Ibu Rosarita Niken Widiastuti
Setelah kata sambutan dari Ibu Rosarita, kami langsung dipersilahkan untuk menikmati hidangan yang disediakan. Ditemani dengan home band yang dari baju-bajunya mengangkat tema tahun '90an. Di tengah-tengah makan malam semakin seru. Teman-teman dari Writingthon mulai mendekati penyanyi untuk bernyanyi dan berjoget bersama. Lagu yang dibawakan juga adalah lagu daerah dari masing-masing peserta, membuat terkenang akan pelajaran kesenian jaman sekolah dulu.

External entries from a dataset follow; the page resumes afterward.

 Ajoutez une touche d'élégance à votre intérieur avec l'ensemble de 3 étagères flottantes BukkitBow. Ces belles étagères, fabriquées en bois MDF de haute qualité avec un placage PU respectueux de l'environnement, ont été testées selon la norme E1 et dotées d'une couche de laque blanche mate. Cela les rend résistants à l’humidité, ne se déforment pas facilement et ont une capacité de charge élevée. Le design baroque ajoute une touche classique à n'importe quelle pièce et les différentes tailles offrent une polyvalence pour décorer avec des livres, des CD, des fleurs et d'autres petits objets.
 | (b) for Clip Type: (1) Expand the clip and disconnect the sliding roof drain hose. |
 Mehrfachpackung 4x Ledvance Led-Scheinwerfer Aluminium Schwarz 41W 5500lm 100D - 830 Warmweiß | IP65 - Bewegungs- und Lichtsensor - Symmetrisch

Acara semakin seru karena semakin ramai yang ikut bernyanyi dan berjoget, apalagi ketika lagu  daerah Papua "Sajojo" dibawakan, Natali dan Johan (sahabat Writingthon dari Papua) mengajarkan gerakan-gerakan tarian Papua. Namun ditengah-tengah tarian dan nyanyian, kami harus berhenti karena Pak Rudiantara telah tiba di Gedung Arsip Nasional.


Keseruan teman-teman Writingthon
Ada perkataan MC yang lumayan menggelitik kami para peserta Writingthon,

"Saya kira penulis itu orang-orang yang introvert. Tapi malam ini ternyata banyak juga penulis yang rame dan seru kaya temen-temen dari Writingthon"

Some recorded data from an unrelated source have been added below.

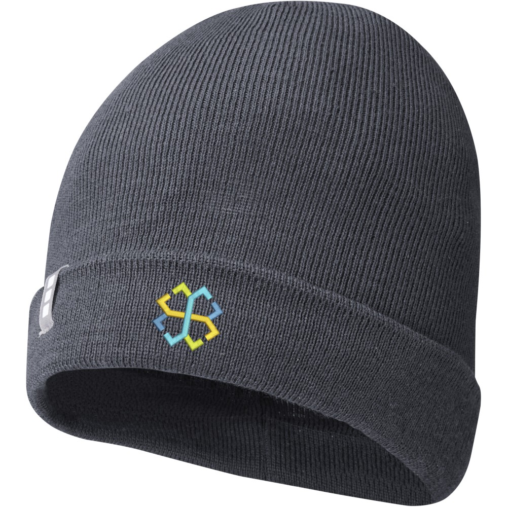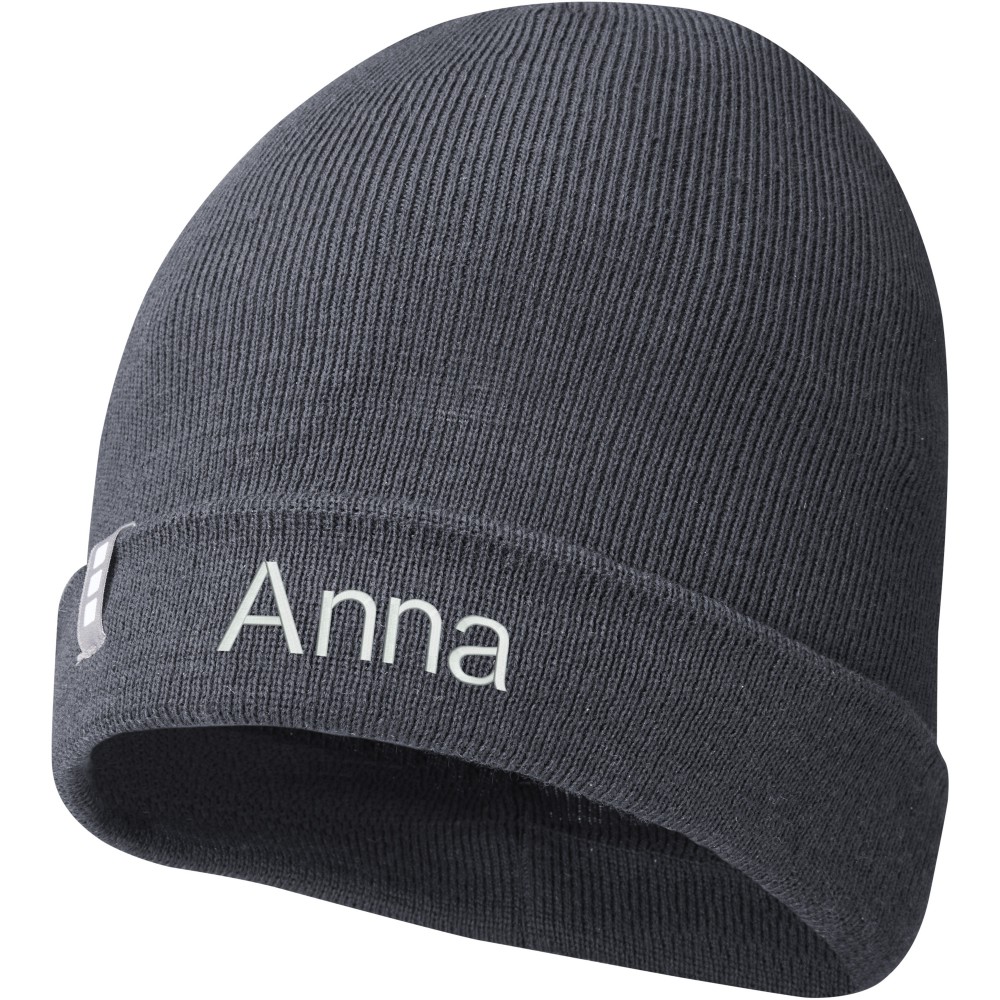 Egyrétegű sapka visszahajtókával, bevarrt márkajelzéssel. A Polylana szál öko alternatívát képez a 100% akril és a gyapjú alapanyagokhoz képest, mert csökkentett víz- és energia-felhasználással készül így csökkentve a CO2-kibocsátást.
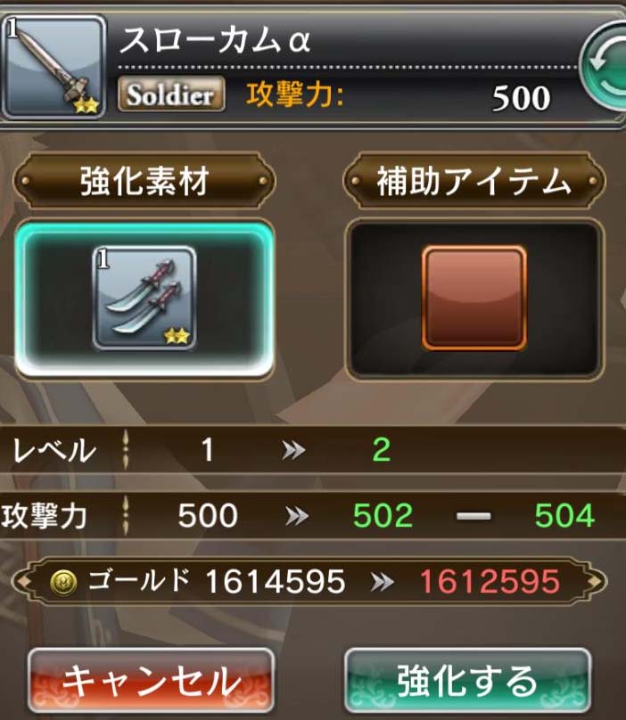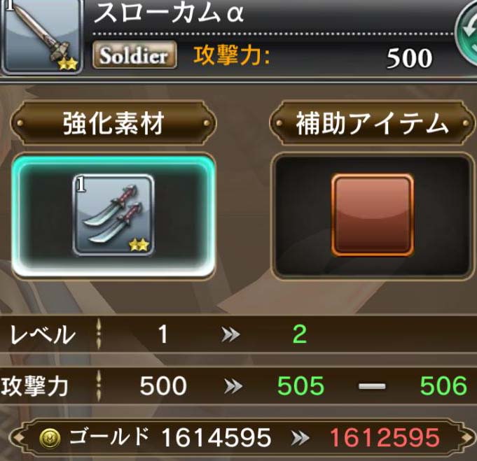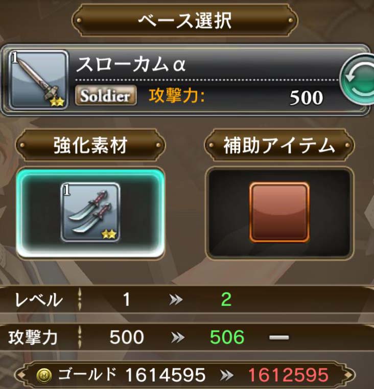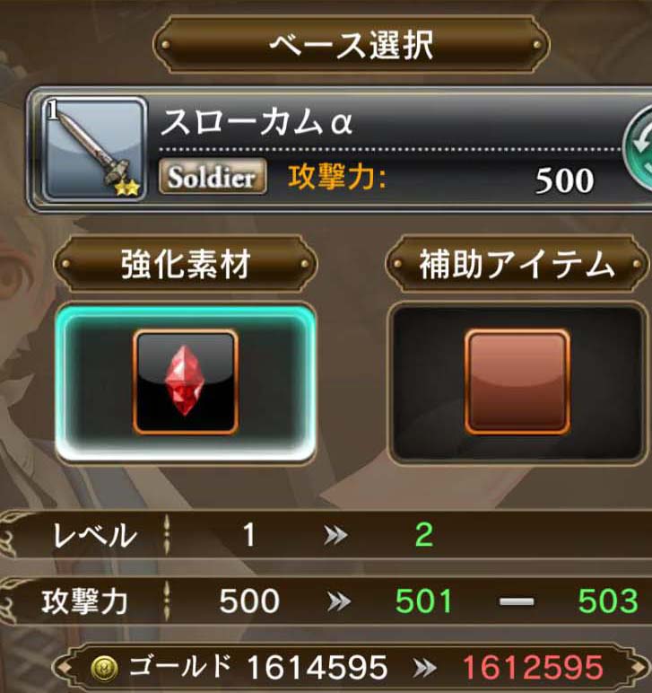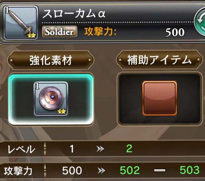 ・ガチャで☆☆☆☆を当てたとしても弱い。レベルアップ、限界突破、スロットによる強化が待っている。
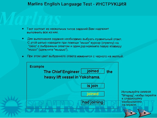 Тест на знание английского языка для плавсостава. Количество запусков не ограничено. Программа широко используется иногда в крюнинговых компаниях. Если вам не нужна аттестация плавсостава по специальностям на английском языке, а только проверка грамматики английского языка для плавсостава, то эта программа для Вас.

Kami langsung tertawa dan saling berpandangan dengan tatapan "WAH BELUM TAU DIA" hahahaha.

Beginilah kelakuan aslinya anak-anak Writingthon :))

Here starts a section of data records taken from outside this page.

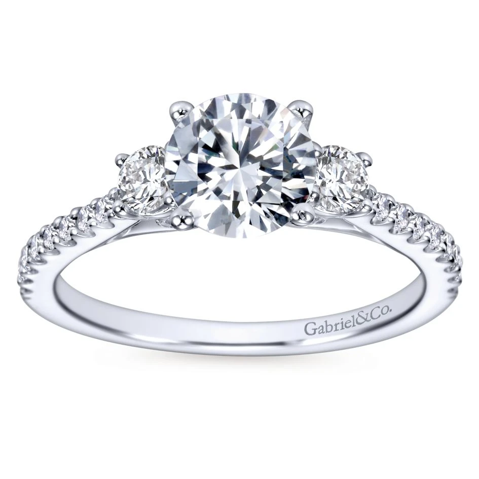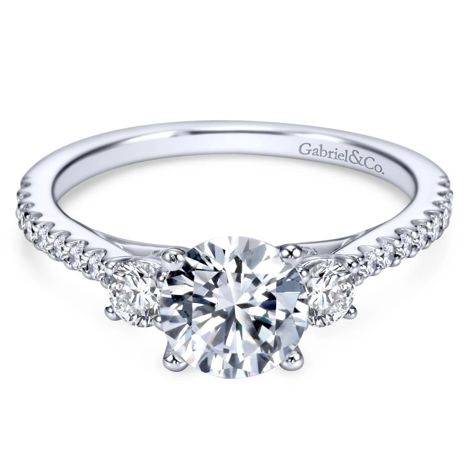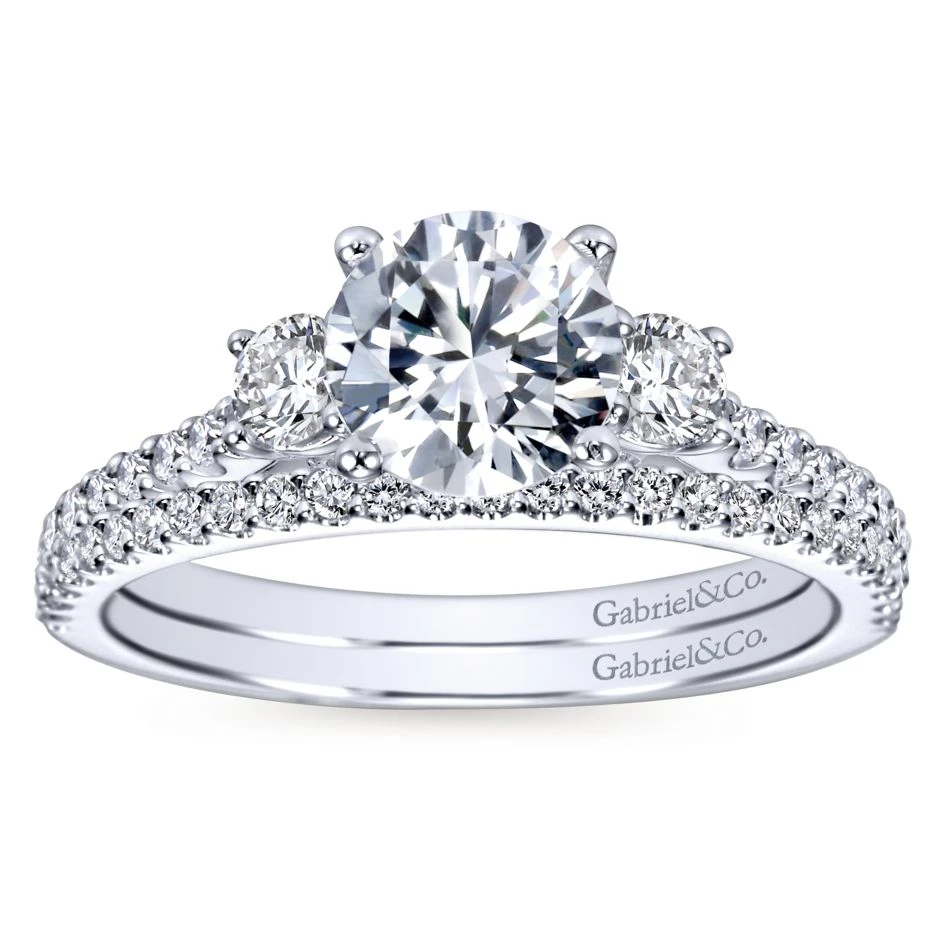 Gabriel Bridal Collection White Gold Diamond 3 Stones Engagement Ring And French Diamond Accent Shank (0.45 Ctw)
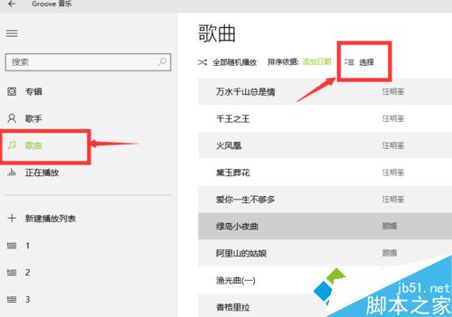 1、按之前的步骤添加歌曲进播放器,然后我们我们点击左侧”歌曲“栏,然后右上点击”选择“按钮。
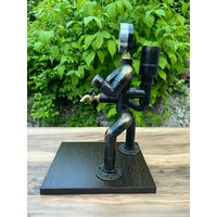 Этот держатель для бутылки не только очень удобен в использовании, но и отлично впишется в интерьер. Как он работает? Открытая бутылка вставляется в цилиндрическое отверстие сзади диспенсера. Важно сделать это так, чтобы не пролить содержимое — нужно надеть приспособление сверху на горлышко бутылки, а затем перевернуть её дном кверху. При открывании крана жидкость будет вытекать под действием силы тяжести.
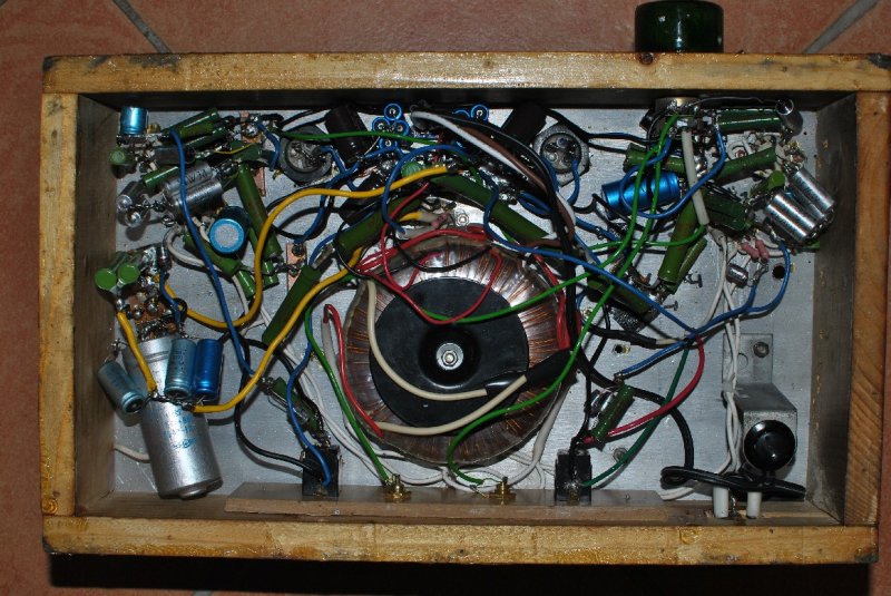 Közben az EL84SE-ben is változattam a segédrács feszkó hidegítésen. Nem egy 47 mikros kondi hanem több kicsi van ott oldalanként: 4x2,2mikro + (47mirko/2 (soros200V osok)) + 4,7 mikro + 10 mikro , és hatalmasat változott...igaz az egész táp összes kondit kicseréltem. Mivel volt két lyuk szerelőlapon a varázsszemeknek, amik nem lesznek bent, pont befért oda két kondér ami200+100+50 mirko csatornánként anódfeszre, aztán jött a segédrács higdegítő elkó csere...És a tápcső után is cseréltem. EZ 80(81) után 30 mikro majd sorosR majd 200mikro...az eddigi 47 R 47 helyett... Mintha kevésbé lenne meleg (túlmelegedett suta bársonyosság eltűnt és részletek jöttek elő helyette.) Mérési paraméterei tök ugyanazok! És teljesen más hangkép. A kivezérlést mindjárm megmérem, és mintha ez az erősítő is alul vágna, mérési hibára gyanakszom...megnézem a szkópzsinegeket...lehet nem 10 es osztón volt, és a föld és a szkóp föld dolog zavart be? hm...megmérem. pill.
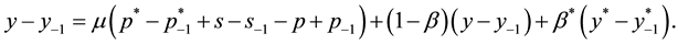 As the above equation is based on the variables at log level, therefore to get a growth rate we take the first difference of the variables:
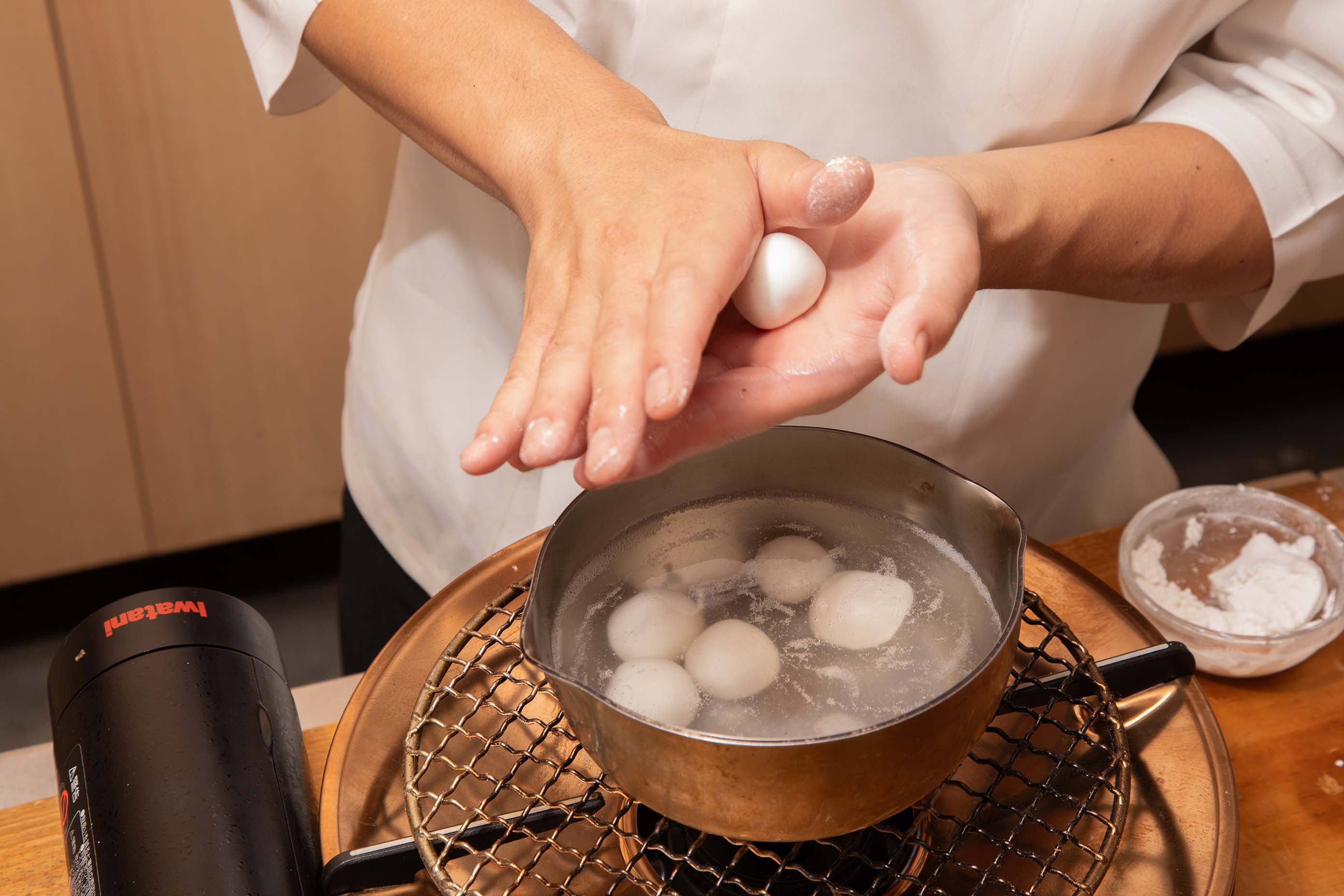 [c]団子をつくり茹でている様子

Kata sambutan dari Pak Rudiantara selaku Menteri Kominfo
Pak Rudiantara sempat meminta maaf atas keterlambatannya karena dia tidak diberitahu bahwa ada acara di sini pada malam ini (GANTI AJA PAK STAFFNYA, ganti sama gue wkwk). Beliau juga menyambut kami dengan hangat dan mengingatkan kami untuk terus berkarya juga berprestasi.

Makan malam yang berlangsung hangat dan menyenangkan ini ditutup dengan foto bersama masing-masing kategori pemenang dengan Pak Rudiantara. Berakhir juga malam yang indah ini.